--- GIVEN DATA Enclosed Below ---
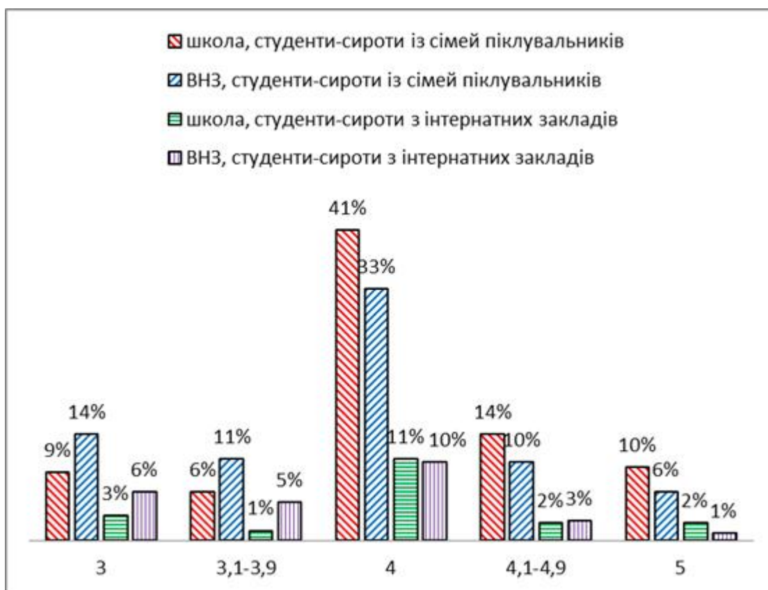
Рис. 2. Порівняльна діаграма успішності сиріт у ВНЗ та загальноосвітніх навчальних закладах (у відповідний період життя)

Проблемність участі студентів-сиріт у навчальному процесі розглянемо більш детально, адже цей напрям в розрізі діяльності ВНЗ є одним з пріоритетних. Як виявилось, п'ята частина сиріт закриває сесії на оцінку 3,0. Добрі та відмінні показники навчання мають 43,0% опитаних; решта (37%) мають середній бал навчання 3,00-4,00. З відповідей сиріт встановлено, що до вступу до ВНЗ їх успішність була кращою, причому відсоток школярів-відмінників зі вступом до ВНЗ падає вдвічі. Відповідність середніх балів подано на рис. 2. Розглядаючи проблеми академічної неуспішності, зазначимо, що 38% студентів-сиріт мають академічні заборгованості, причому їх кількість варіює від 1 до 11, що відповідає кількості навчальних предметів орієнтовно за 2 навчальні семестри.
--- End of Enclosed GIVEN DATA ---
--- GIVEN DATA Enclosed Below ---
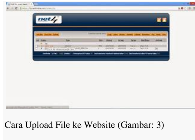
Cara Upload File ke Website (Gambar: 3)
--- End of Enclosed GIVEN DATA ---
WORK ITEM ->
Which lines of the data contain the string "сиріт"? Copy each of them.

REPLY TO THE EXERCISE ->
Рис. 2. Порівняльна діаграма успішності сиріт у ВНЗ та загальноосвітніх навчальних закладах (у відповідний період життя)
Проблемність участі студентів-сиріт у навчальному процесі розглянемо більш детально, адже цей напрям в розрізі діяльності ВНЗ є одним з пріоритетних. Як виявилось, п'ята частина сиріт закриває сесії на оцінку 3,0. Добрі та відмінні показники навчання мають 43,0% опитаних; решта (37%) мають середній бал навчання 3,00-4,00. З відповідей сиріт встановлено, що до вступу до ВНЗ їх успішність була кращою, причому відсоток школярів-відмінників зі вступом до ВНЗ падає вдвічі. Відповідність середніх балів подано на рис. 2. Розглядаючи проблеми академічної неуспішності, зазначимо, що 38% студентів-сиріт мають академічні заборгованості, причому їх кількість варіює від 1 до 11, що відповідає кількості навчальних предметів орієнтовно за 2 навчальні семестри.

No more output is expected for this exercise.